§ Exercise requirements
For the records below, please print exactly and only the lines from the one with "2. Принимаем расход" down to the one with "Abwertung des iranischen", both ends included, omitting the pictures.

§ Extracted entries

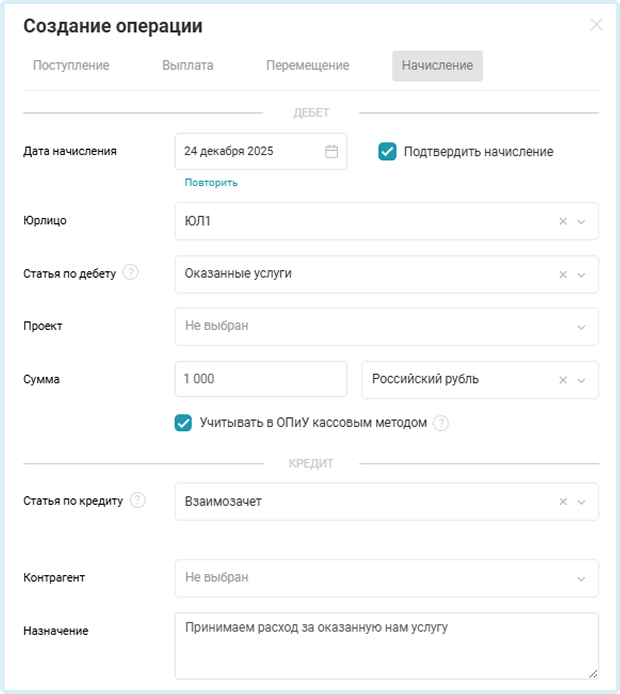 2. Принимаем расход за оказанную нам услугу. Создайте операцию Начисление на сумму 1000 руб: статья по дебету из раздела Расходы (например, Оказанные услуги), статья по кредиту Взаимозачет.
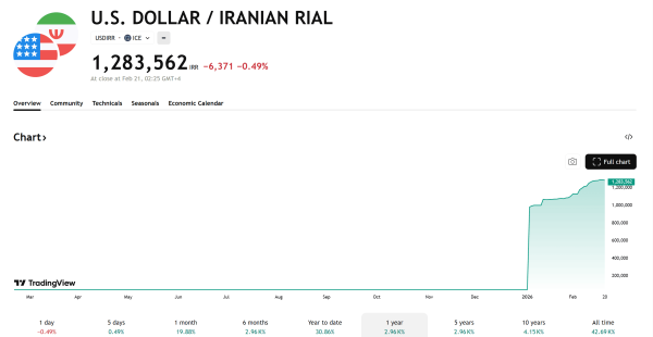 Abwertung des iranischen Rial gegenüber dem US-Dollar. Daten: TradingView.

* * *

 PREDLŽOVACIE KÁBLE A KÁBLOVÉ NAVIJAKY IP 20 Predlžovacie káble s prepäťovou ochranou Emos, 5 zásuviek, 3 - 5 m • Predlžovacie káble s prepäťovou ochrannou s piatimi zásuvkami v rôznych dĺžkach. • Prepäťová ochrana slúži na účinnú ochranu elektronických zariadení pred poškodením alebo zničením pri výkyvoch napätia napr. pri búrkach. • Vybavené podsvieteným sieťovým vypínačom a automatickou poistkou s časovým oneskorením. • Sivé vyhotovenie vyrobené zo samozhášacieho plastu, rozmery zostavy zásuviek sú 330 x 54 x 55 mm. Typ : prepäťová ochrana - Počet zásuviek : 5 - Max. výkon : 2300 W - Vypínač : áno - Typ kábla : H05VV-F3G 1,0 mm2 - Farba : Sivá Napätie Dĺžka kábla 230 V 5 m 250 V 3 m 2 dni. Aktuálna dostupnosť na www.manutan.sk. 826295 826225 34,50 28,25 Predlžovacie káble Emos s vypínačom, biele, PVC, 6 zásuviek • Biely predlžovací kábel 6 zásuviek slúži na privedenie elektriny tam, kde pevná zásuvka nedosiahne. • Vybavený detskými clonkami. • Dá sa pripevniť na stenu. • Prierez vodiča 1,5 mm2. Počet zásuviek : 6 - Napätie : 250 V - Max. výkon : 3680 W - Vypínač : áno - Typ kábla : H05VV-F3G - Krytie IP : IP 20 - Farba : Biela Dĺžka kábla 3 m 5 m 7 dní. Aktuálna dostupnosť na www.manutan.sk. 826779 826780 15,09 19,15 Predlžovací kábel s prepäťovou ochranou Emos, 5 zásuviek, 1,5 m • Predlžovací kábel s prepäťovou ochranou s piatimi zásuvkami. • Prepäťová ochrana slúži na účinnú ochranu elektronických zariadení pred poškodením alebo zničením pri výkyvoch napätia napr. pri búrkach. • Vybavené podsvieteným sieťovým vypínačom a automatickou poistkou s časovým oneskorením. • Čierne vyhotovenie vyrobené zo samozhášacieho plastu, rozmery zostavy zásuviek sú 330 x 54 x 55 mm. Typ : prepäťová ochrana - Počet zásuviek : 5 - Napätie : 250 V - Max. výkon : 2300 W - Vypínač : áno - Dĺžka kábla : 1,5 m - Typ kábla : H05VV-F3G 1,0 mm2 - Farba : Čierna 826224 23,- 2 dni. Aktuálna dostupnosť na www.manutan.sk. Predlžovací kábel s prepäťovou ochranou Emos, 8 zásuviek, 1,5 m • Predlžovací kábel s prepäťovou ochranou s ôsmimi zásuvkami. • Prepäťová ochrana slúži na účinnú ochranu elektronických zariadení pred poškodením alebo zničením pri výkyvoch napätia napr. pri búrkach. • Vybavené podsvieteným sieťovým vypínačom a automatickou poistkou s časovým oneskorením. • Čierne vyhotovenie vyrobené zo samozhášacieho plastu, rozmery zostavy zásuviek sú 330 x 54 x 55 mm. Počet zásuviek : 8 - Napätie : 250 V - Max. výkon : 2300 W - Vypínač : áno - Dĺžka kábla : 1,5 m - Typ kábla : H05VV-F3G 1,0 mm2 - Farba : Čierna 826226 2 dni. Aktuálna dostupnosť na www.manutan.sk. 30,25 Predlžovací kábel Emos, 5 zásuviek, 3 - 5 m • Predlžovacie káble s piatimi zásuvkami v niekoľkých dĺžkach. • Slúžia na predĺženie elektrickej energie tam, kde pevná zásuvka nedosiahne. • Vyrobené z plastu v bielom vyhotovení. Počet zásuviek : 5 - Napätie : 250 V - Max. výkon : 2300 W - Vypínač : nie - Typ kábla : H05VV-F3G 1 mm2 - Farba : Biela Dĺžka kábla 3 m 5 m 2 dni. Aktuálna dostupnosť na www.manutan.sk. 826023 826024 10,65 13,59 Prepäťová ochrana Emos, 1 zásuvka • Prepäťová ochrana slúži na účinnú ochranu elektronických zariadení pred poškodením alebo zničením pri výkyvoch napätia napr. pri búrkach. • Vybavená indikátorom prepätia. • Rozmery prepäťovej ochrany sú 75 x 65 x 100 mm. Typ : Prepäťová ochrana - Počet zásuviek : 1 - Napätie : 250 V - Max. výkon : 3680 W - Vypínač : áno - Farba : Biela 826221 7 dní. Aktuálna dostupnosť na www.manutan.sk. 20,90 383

...

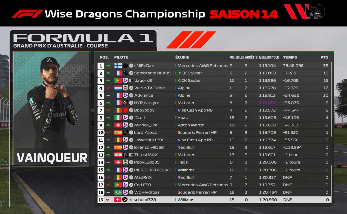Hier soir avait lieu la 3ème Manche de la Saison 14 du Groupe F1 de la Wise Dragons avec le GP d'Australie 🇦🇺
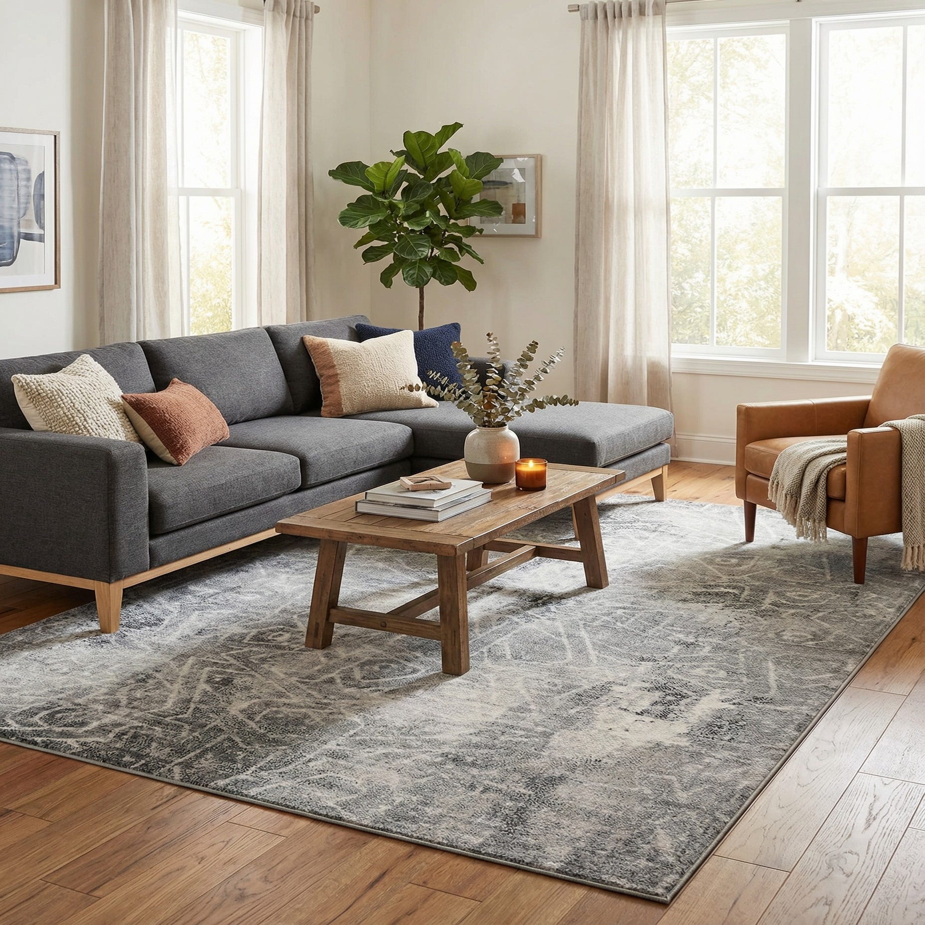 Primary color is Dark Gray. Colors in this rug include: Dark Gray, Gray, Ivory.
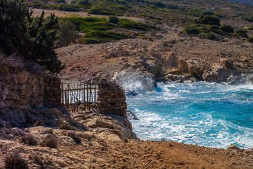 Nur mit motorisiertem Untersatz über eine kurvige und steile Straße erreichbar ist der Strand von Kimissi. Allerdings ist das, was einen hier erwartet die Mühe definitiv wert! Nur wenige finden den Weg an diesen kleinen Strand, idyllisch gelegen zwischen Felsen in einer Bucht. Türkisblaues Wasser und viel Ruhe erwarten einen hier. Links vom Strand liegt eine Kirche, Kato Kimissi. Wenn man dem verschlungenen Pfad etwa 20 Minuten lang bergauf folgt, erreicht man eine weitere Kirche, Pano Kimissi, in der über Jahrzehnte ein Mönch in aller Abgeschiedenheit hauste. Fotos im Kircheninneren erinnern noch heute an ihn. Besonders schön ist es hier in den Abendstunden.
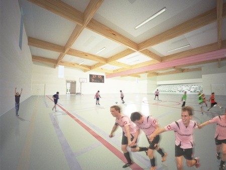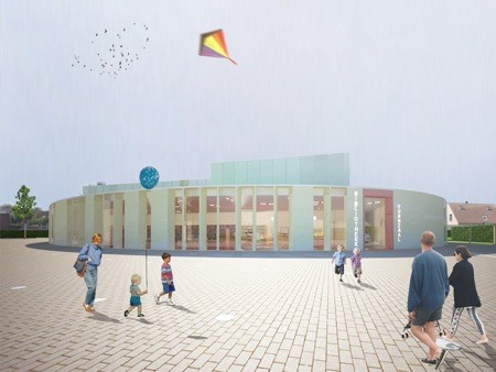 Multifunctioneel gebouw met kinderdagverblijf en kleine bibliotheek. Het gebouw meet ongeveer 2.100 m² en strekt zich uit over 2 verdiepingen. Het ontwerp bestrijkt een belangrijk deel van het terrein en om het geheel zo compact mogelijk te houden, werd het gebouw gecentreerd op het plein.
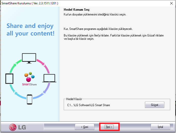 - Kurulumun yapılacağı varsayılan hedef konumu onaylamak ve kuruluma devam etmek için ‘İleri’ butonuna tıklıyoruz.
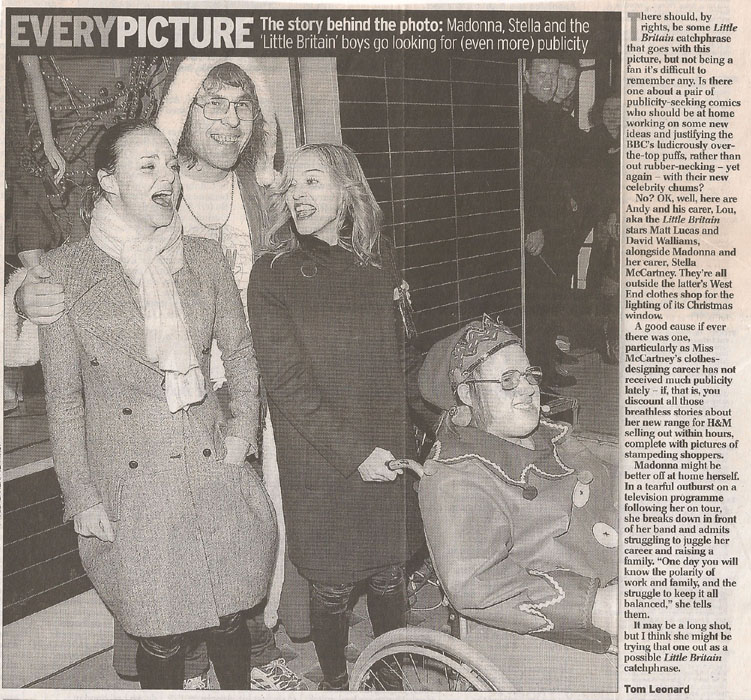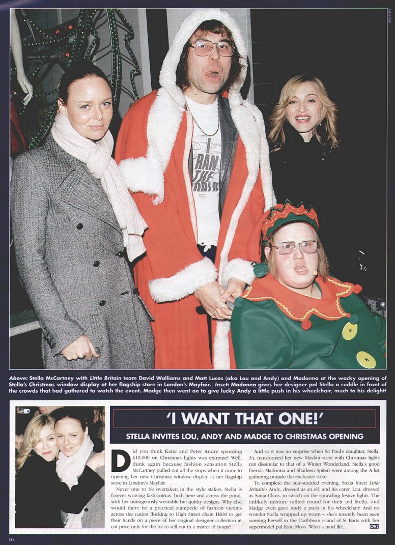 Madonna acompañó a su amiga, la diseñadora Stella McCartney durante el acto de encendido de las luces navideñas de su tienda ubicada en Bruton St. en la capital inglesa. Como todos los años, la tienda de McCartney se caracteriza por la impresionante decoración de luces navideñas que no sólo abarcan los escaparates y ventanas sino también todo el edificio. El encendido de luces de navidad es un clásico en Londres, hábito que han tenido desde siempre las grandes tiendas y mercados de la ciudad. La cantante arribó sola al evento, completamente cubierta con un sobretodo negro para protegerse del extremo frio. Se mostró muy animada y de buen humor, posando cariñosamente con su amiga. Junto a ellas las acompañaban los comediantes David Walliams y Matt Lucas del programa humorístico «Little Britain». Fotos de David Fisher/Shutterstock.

§ Solution to the problem
 2. Принимаем расход за оказанную нам услугу. Создайте операцию Начисление на сумму 1000 руб: статья по дебету из раздела Расходы (например, Оказанные услуги), статья по кредиту Взаимозачет.
 Abwertung des iranischen Rial gegenüber dem US-Dollar. Daten: TradingView.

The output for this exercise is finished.